How insane do you think it is to carry bread, chutney and cheese 50 KMs, eat it and come back? And all this with the same set of people you work with all week in your office. You say it’s picnic or team building or any such crap? What would you say if i said, you had to start at 6 AM on a Saturday morning. Do you realize its absolutely insane? I can’t believe still that AM brainwashed a few of us to think it is the most adventurous and insanely greatest thing to do on a Saturday morning. All this “morning” thing just because she is AM and is an AM person unlike the rest of us who knew how to enjoy a good sleep until late afternoon in the weekends.
So some of us complete idiots would wake up at 5 in the morning, start packing up all the junk, bread and chutney and start riding our bikes at about 6 AM. Some of us would start from AM’s place and some people were even more stupid to promise that they will join us at a particular meeting point. At 6:30 AM, from the designated meeting spot, there will be frantic phone calls to the 2 people who would not have reached at 6:30 AM. The perpetual idiots included me, AM, SM, KG, SG and some temporary idiots who AM manages to brainwash during the week.
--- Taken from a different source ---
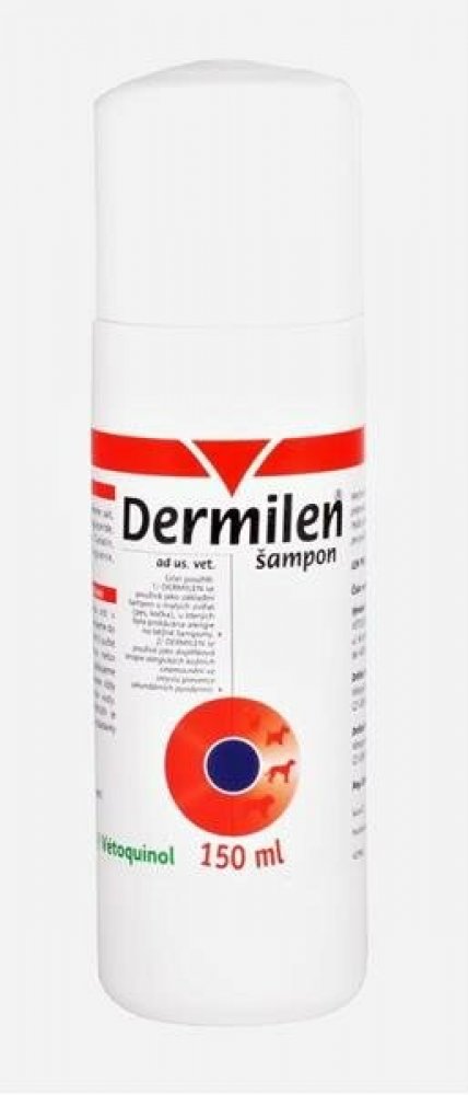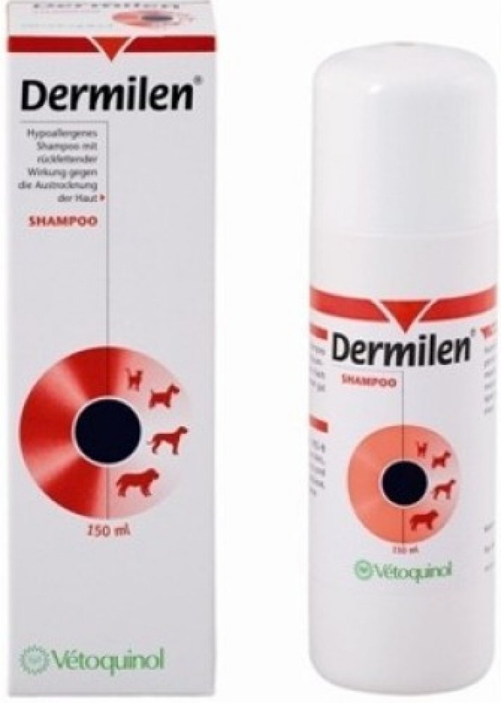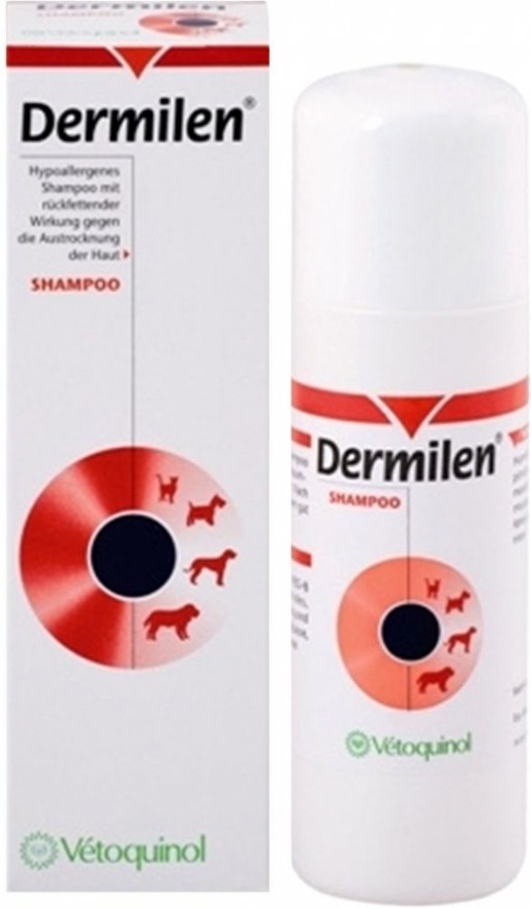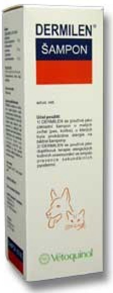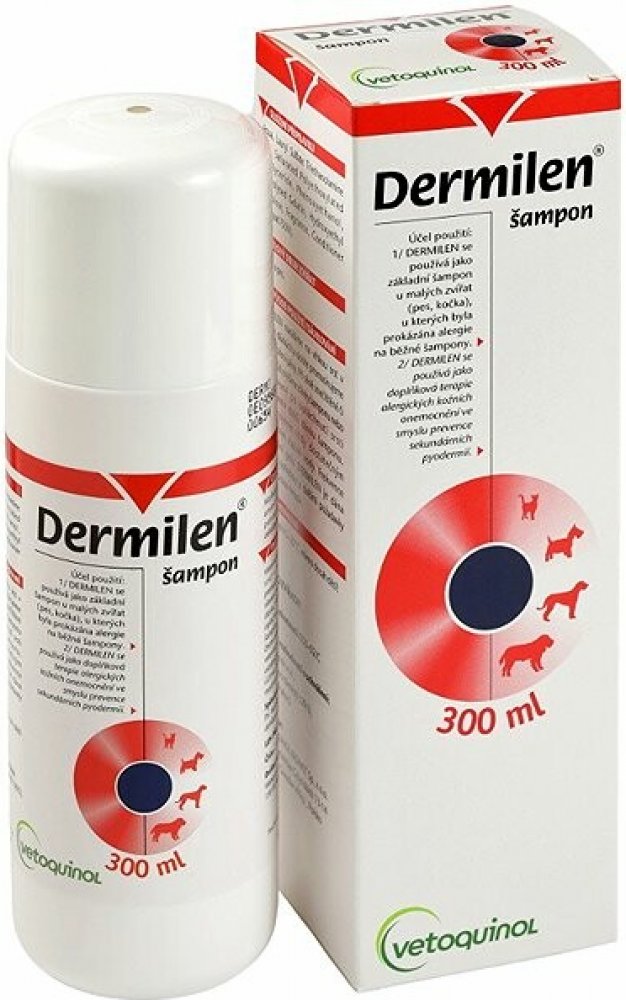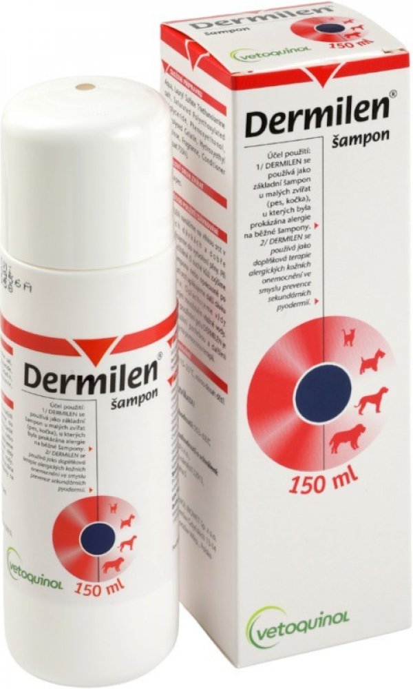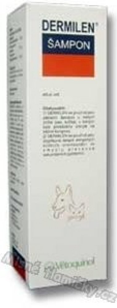 Dermilen šampon Dermilen se používá jako základní šampon u malých zvířat (pes, kočka), u kterých byla prokázána alergie na běžné šampony.

We would ride our bikes all the way up to a damn…no i mean a Dam which was about 50 KMs away, i think. On the way we would go and admire a big banyan tree which as old as my great, great and greatest grandfather and about 20 dozen monkeys. The monkey’s would stare at us as if asking “Are you guys out of your mind to come and look at this stupid banyan tree on a Saturday morning?” My guess is that their look had a worse meaning which we did not understand or care to understand.
While admiring the tree for a never ending 20 minutes, we would have tea at the tea stall. The tea stall owner was one of the few people who should have thanked god for creating idiots like us. How should he know he is giving too much credit to God while AM deserved almost all of it. We would talk all the nonsense that have no relevance to our lives with all the seriousness and then continue our ride. Our destination was a small Dam, the name of which i can’t recollect. The place would be absolutely deserted.Some of them would realize the their stupidity and start stone throwing practice. I am not sure if they spared AM out of respect and threw the stones into the water or if they were not sure if AM was actually the person to blame. AM does one thing very well, brainwashing. Mostly, it saved her.
In a few minutes, after realizing that there is nothing more to do, we would process our breakfast. It was like an assembly line. One person would open the bread, pass it to the person who has the chutney. The chutney person will spread the chutney and pass the bread to the cheese man. The cheese man would then spread the cheese and send it back to the bread man. The bread man will add another slice on top to complete the sandwiching process and serve it. Well, “serve it” is probably the right way to say it. The one who grabs it first gets it. Remember, we had just admired 20 dozen monkeys. What kind of people are we if we don’t learn something from the monkeys?
The best part of this insanity is an absolutely intense and insane conversation between AM and KG. KG, as his name suggests, has a the heart of the kid. But he reads too much for that kid’s heart. So whatever he reads goes into his heart (yes, he takes his reading to the heart :) ) in a very unpredictable way. So he would make a statement in his inimitable style which AM would straight away disagree with. That would kick start an interesting and hilarious argument between KG and AM. SM, the Bangali Babu, obviously cannot keep quiet. It would be a shame on entire West Bengal and some parts of Kerala (the communist connection, you see) if he did not add value.So, he would add value (fuel) to the argument which would have turned to fire spitting levels now. The rest of us would have a hearty laugh irrespective of whether we understood anything in the conversation or not. Thing is, we were unsure if we should react in any other way so it was easy to just imitate the monkeys. This great conversation and the awesome chutney cheese sandwich would make all the insanity really worth it. Those days were so much fun.
Some days the destination changed to a pond before the Bannerughatta wild life sanctuary but the rest of story remained same irrespective of the destination.